Researchers at the Faculty of Engineering, University of Hong Kong (HKU), have unveiled two cutting-edge deep-learning algorithms, ClairS-TO and Clair3-RNA. These advancements promise to enhance genetic mutation detection in cancer diagnostics and RNA-focused genomic studies, marking a significant step forward in the field.
The pioneering research team, directed by Professor Ruibang Luo from the School of Computing and Data Science, has introduced these revolutionary tools aimed at transforming both clinical and research applications in genetic analysis. Utilizing long-read sequencing technologies, ClairS-TO and Clair3-RNA drastically boost the accuracy of identifying genetic mutations in complex samples, heralding new possibilities for precision medicine and genomic research. Both studies have been published in Nature Communications.
Long-read sequencing technologies capture extensive DNA and RNA sequences, offering detailed insights into genetic information. Nevertheless, navigating this data—particularly spotting mutations in challenging conditions—poses significant hurdles. The new algorithms strive to address these challenges, rendering genomic analysis quicker, more precise, and more widely available.
ClairS-TO confronts a vital issue in cancer diagnostics: analyzing tumor DNA without the need for matching healthy tissue samples. Traditional methods often require both types of samples for comparison, which are not always accessible. By employing a sophisticated dual-network approach—one to confirm genuine mutations and another to filter out errors—ClairS-TO removes this dependence. This breakthrough facilitates cost-effective and reliable tumor analysis, even with limited sample material, broadening access to accurate cancer diagnostics.
On the other hand, Clair3-RNA is the first deep-learning small variant caller designed specifically for long-read RNA sequencing. The challenges of RNA editing and technical sequencing errors often obscure the identification of genuine genetic variants. Clair3-RNA leverages advanced deep-learning algorithms to reliably differentiate actual mutations from background noise and editing errors, empowering researchers and clinicians to analyze gene expression and mutations with remarkable accuracy.

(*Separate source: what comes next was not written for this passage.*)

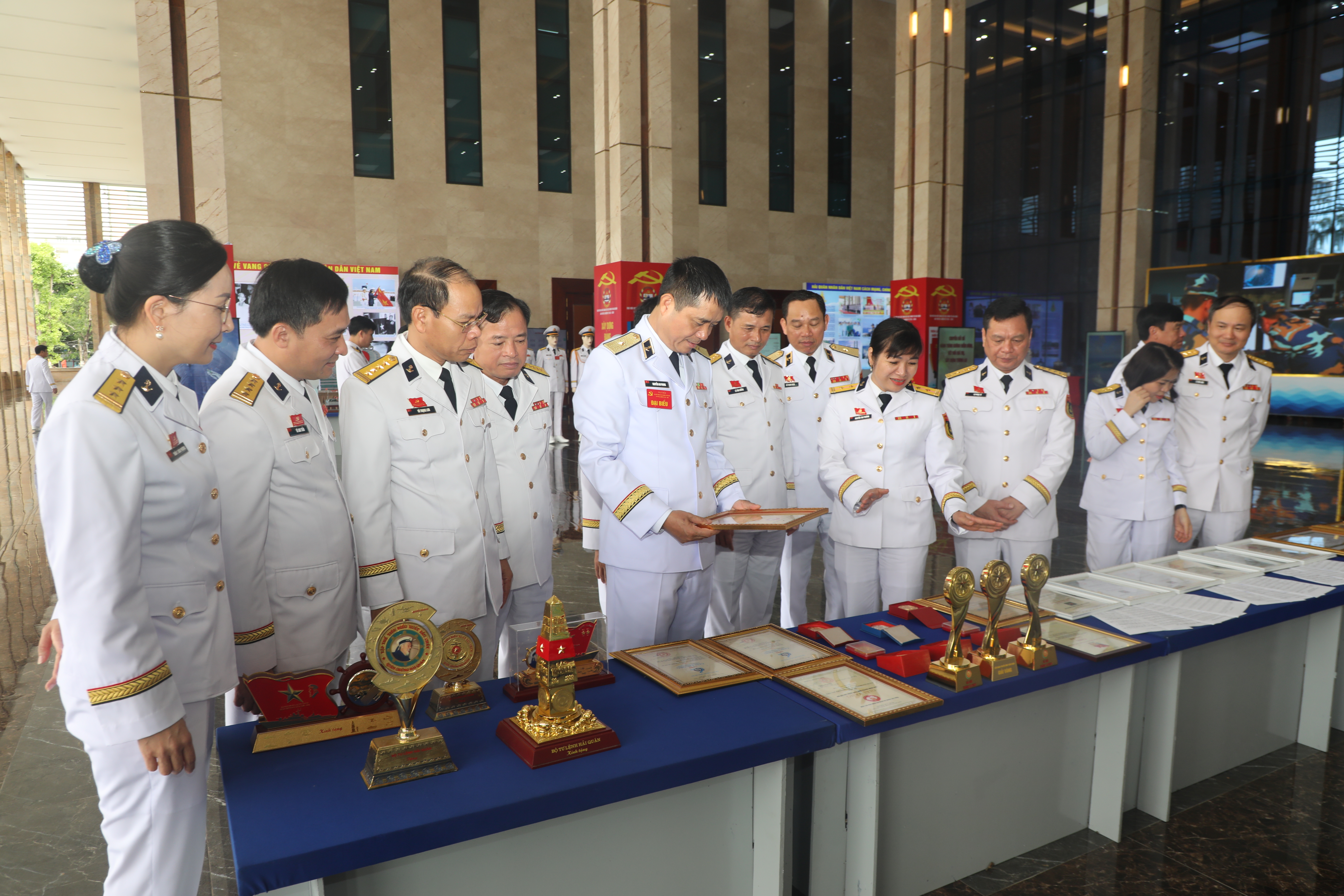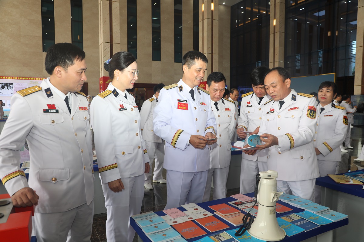 Thủ trưởng Bộ Tư lệnh Hải quân cùng các đại biểu tham quan mô hình, sản phẩm trưng bày tại đại hội
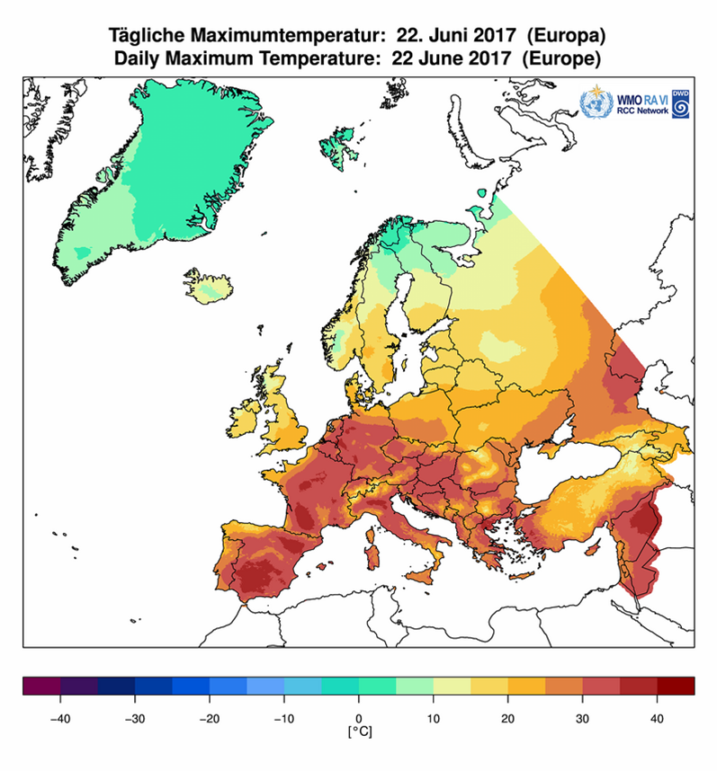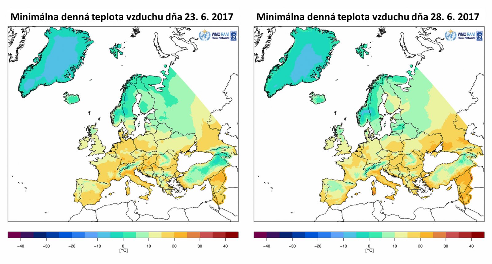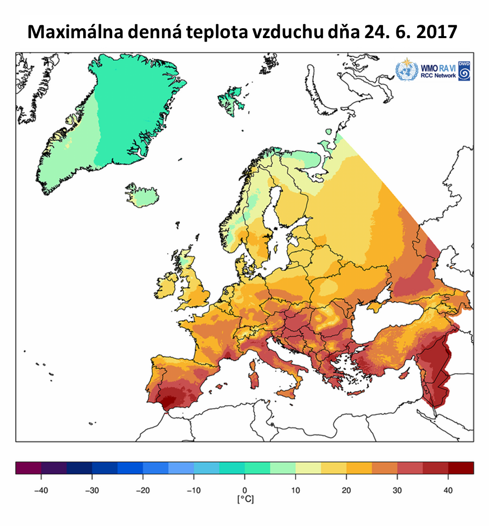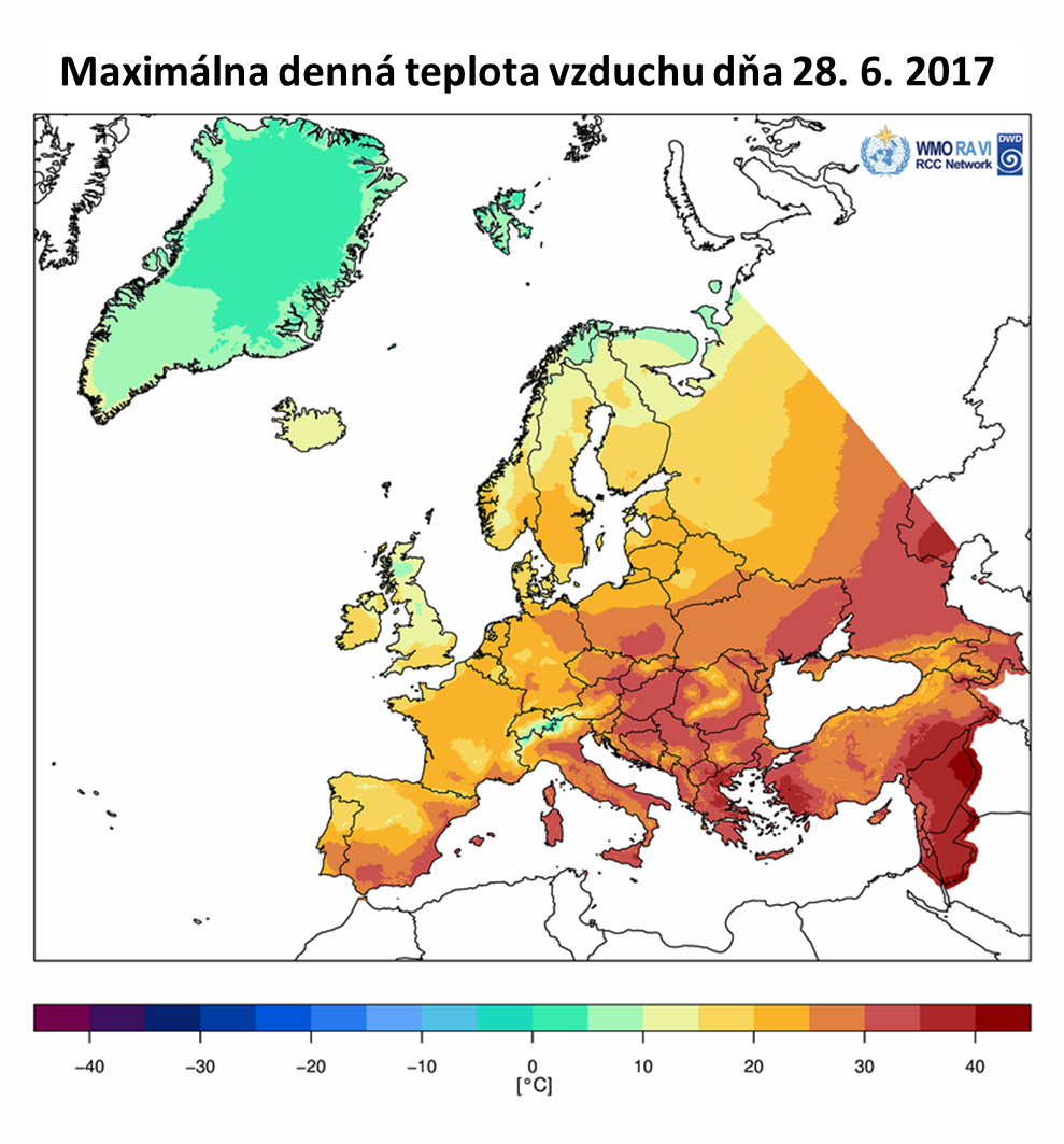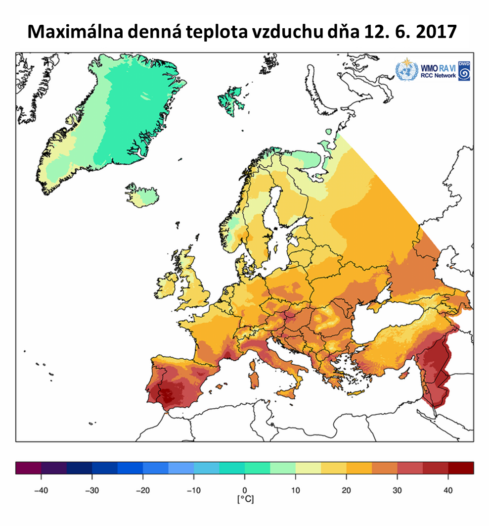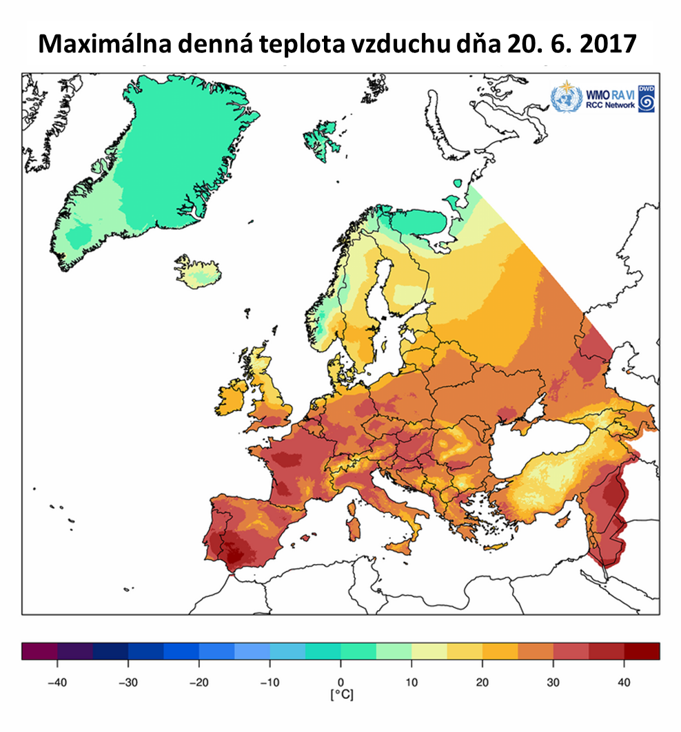 Na Obr. 4 je zobrazená maximálna denná teplota vzduchu v Európe vo vybraných dňoch od 12. 6. do 28. 6. 2017 (na základe údajov WMO). [Minimálna denná teplota vzduchu v Európe v dňoch 23. a 28. 6. 2017.] Časový vývoj zachytáva postupnú propagáciu vlny horúčav z juhozápadnej a západnej Európy smerom na východ. Príčinu vzniku vlny veľmi vysokých teplôt vzduchu možno vidieť predovšetkým v cirkulačných podmienkach, ktoré boli spojené s vytvorením stabilnej a dlhodobo perzistentnej tlakovej výše nad (juho)západnou a strednou Európou. Na Obr. 5 vpravo možno vidieť rozloženie odchýlok priemernej teploty vzduchu na hladine 850 hPa, ktoré predovšetkým v období druhej polovice júna 2017 dosahovali významne vysoké hodnoty nad územím Francúzska a južnej Británie.

These algorithms expand the renowned Clair series, a suite of AI-driven genomic tools created by Professor Luo’s team. This series, which includes the widely recognized Clair3, has become a fundamental resource in computational biology. These open-source algorithms, known for their speed, accuracy, and robustness, have gained over 400,000 downloads and are extensively utilized by leading research institutes and sequencing companies worldwide, setting a benchmark for processing third-generation sequencing data.
Professor Ruibang Luo stated, “ClairS-TO and Clair3-RNA, alongside other algorithms in the Clair series, have laid a solid groundwork for deep-learning-driven genetic mutation discovery, accelerating the integration of precision medicine and clinical genomics.”

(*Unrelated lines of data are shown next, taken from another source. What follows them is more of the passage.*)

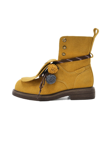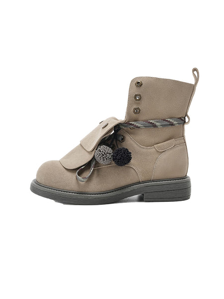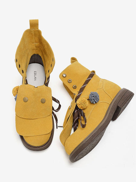 EBLAN丨Vintage Tassel Pendant Lace-up Ankle Boots
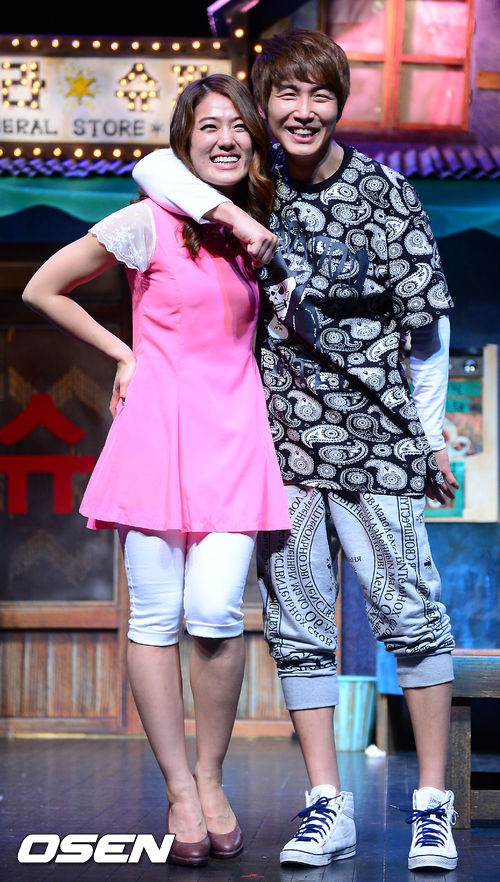12일 오후 서울시 중구 충무아트홀 소극장 블루에서 열린 연극 '내 마음의 슈퍼맨' 프레스콜 행사, 황지영 김호진이 포토타임을 갖고 있다.
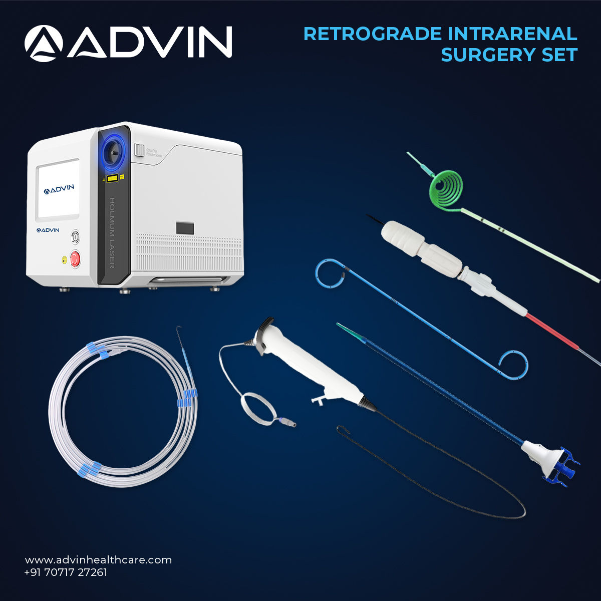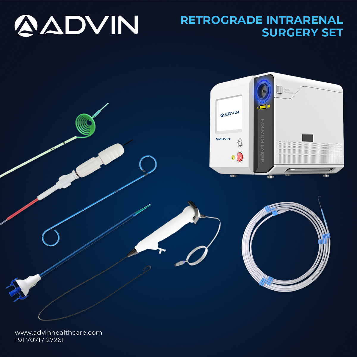 The Retrograde Intrarenal Surgery Set is designed to provide safe and efficient access to the kidney for diagnostic and therapeutic procedures such as stone removal. It enables surgeons to navigate through the ureter into the renal pelvis using flexible endoscopic instruments. The set typically includes a flexible ureteroscope, access sheath, guidewires, and essential accessories required for complete RIRS procedures. Manufactured under strict quality standards, Advin Health Care supplies this system to meet the clinical performance, precision, and safety requirements of modern urology practice.
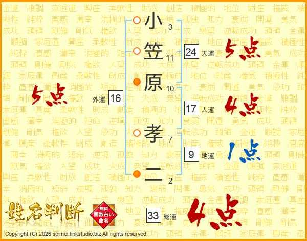 小笠原孝二さんの総運は33画の4点!
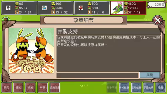 一个有坏性格的回合制卡牌棋盘游戏。 无论你是赢还是输,都会有华-哈-哈和兴奋。 以大富大贵为目标! 人们如果劳动就会产生钱,但如果不劳动就会花钱。 在这个游戏中,重要的是尽快建立设施,并将人们留在身边。 你可以继续默默地建造设施,或者使用政策牌来阻碍其他玩家。 游戏结束时,拥有最多资产的玩家获胜。 在多人游戏中与朋友和家人一起兴奋起来。
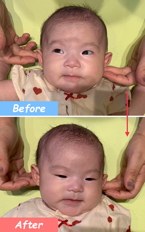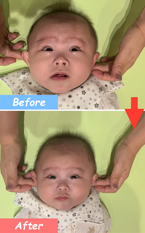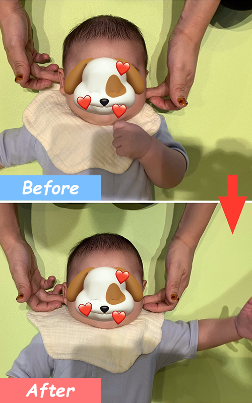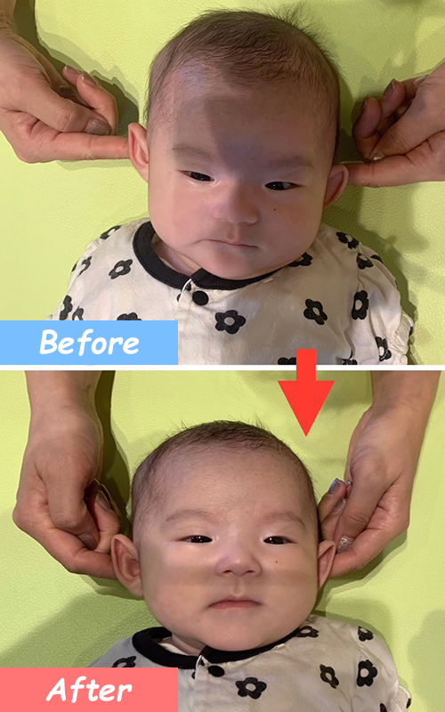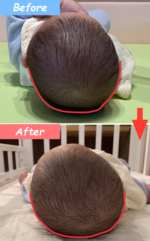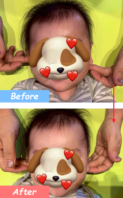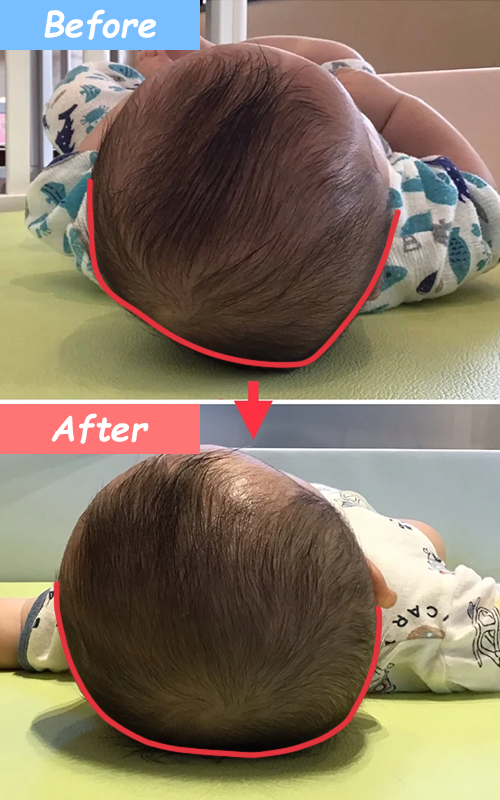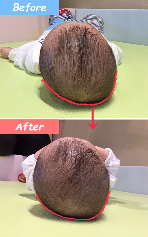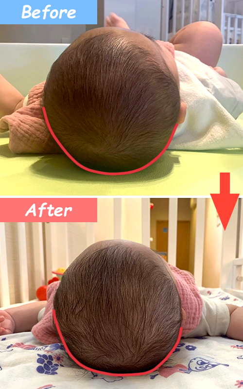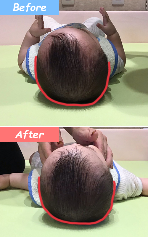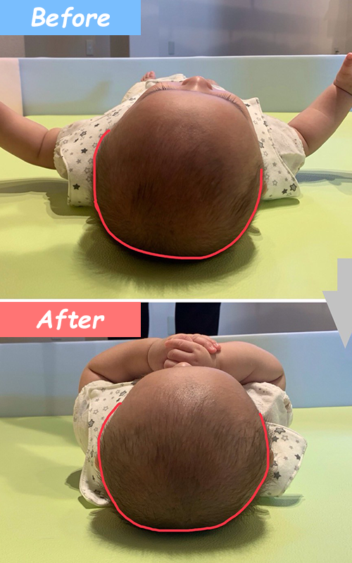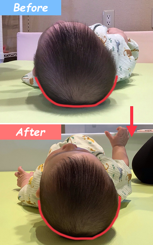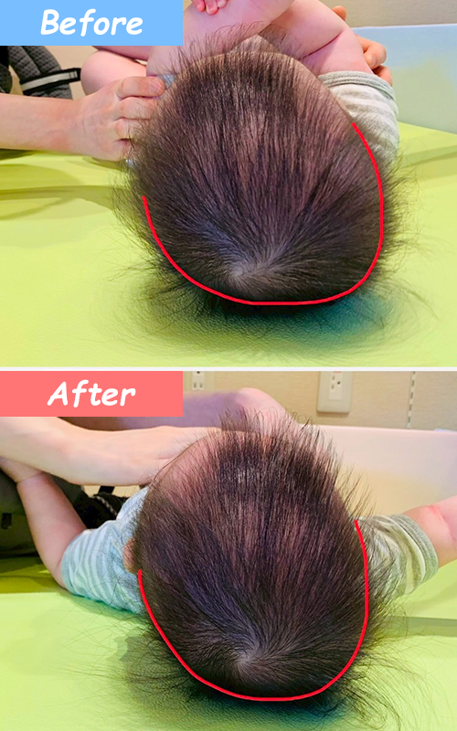 背骨を調整して向き癖を直すのと同時に頭の形も整えるので、頭の形が整った後も再度変形する可能性が非常に低くなります。

This breakthrough represents a significant advancement toward accessible, accurate, and comprehensive genetic analysis. With the potential to enhance cancer diagnosis, facilitate personalized medicine, and speed up genomic research, these innovations promise substantial benefits for both patients and scientists globally.
Link to papers:
“ClairS-TO: a deep-learning method for long-read tumor-only somatic small variant calling”
https://www.nature.com/articles/s41467-025-64547-z
“Clair3-RNA: a deep learning-based small variant caller for long-read RNA sequencing data”

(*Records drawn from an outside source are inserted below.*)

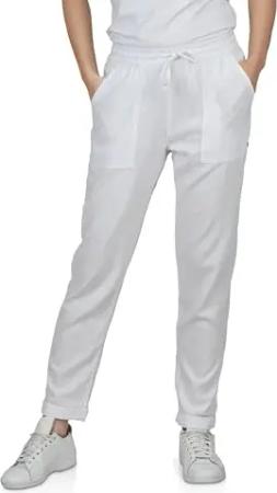 Leinenhose Damen Sommer lang Sommerhose leicht Strandhose Regular Fit DFLinda Freizeithose Gummizug Einfarbig Weiß M, Größe:M, Farben:White
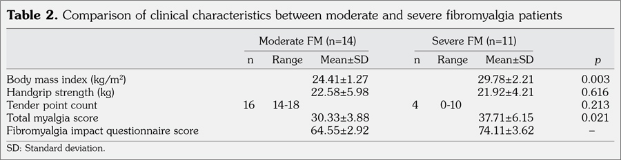Patients and methods: Twenty-five female patients (mean age 34±9.2 years; range 20 to 50 years) with FM and 23 age- and body mass index-similar healthy females (mean age 35.3±9.2 years; range 26 to 46) were included. Demographic characteristics of the subjects were recorded. Tender point count was noted in the patient group. Also; total myalgia score and fibromyalgia impact questionnaire scores were calculated. Handgrip strength was measured with Jamar® dynamometer. Patients who had fibromyalgia impact questionnaire scores ≥70 out of 100 were considered to have severe FM, while those who had scores <70 were considered to have moderate FM.
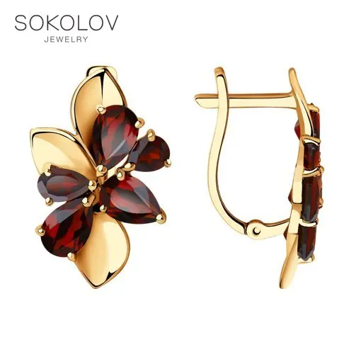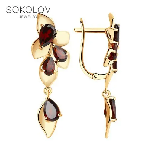 Серьги SOKOLOV из золота с гранатами, Золото, 585, Женские, Серьги 2022 тренд, Оригинальная продукция
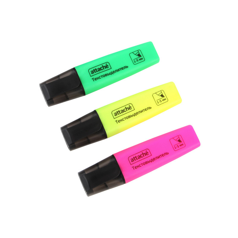 Маркер выделитель текста Attache Colored 1-5мм набор 3цв
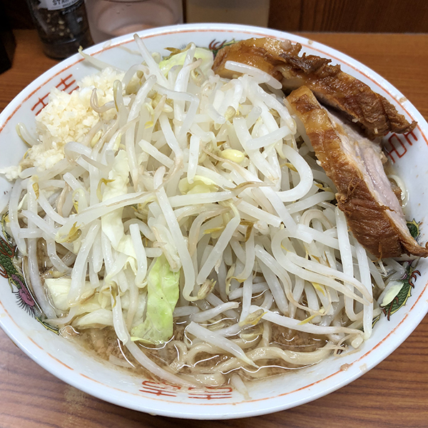 調べてみるとボリュームが多いとの事だったので麺・野菜とも少なめに。にんにくは入れて貰った。

https://www.nature.com/articles/s41467-025-67237-y.
About Professor Ruibang Luo
Professor Ruibang Luo serves as an Associate Professor in the School of Computing and Data Science at the University of Hong Kong. He obtained his PhD in Bioinformatics under Professor Tak-Wah Lam at HKU (2010-2015) and completed a postdoctoral fellowship with Professors Steven Salzberg and Michael Schatz at the Center for Computational Biology, Johns Hopkins University (2016-2017).
Luo specializes in bioinformatics algorithms and clinical informatics, having published more than 80 papers, ten of which have received over a thousand citations. Since 2019, he has been recognized as a Top 1% Scholar Worldwide by Clarivate Analytics, selected as one of the Top 150 Young Scholars in AI by Baidu Research, named among the Top 10 Innovators Under 35 Asia Pacific by MIT Technology Review in 2019, and included in Forbes’ 30 Under 30 Asia in Healthcare and Science in 2017.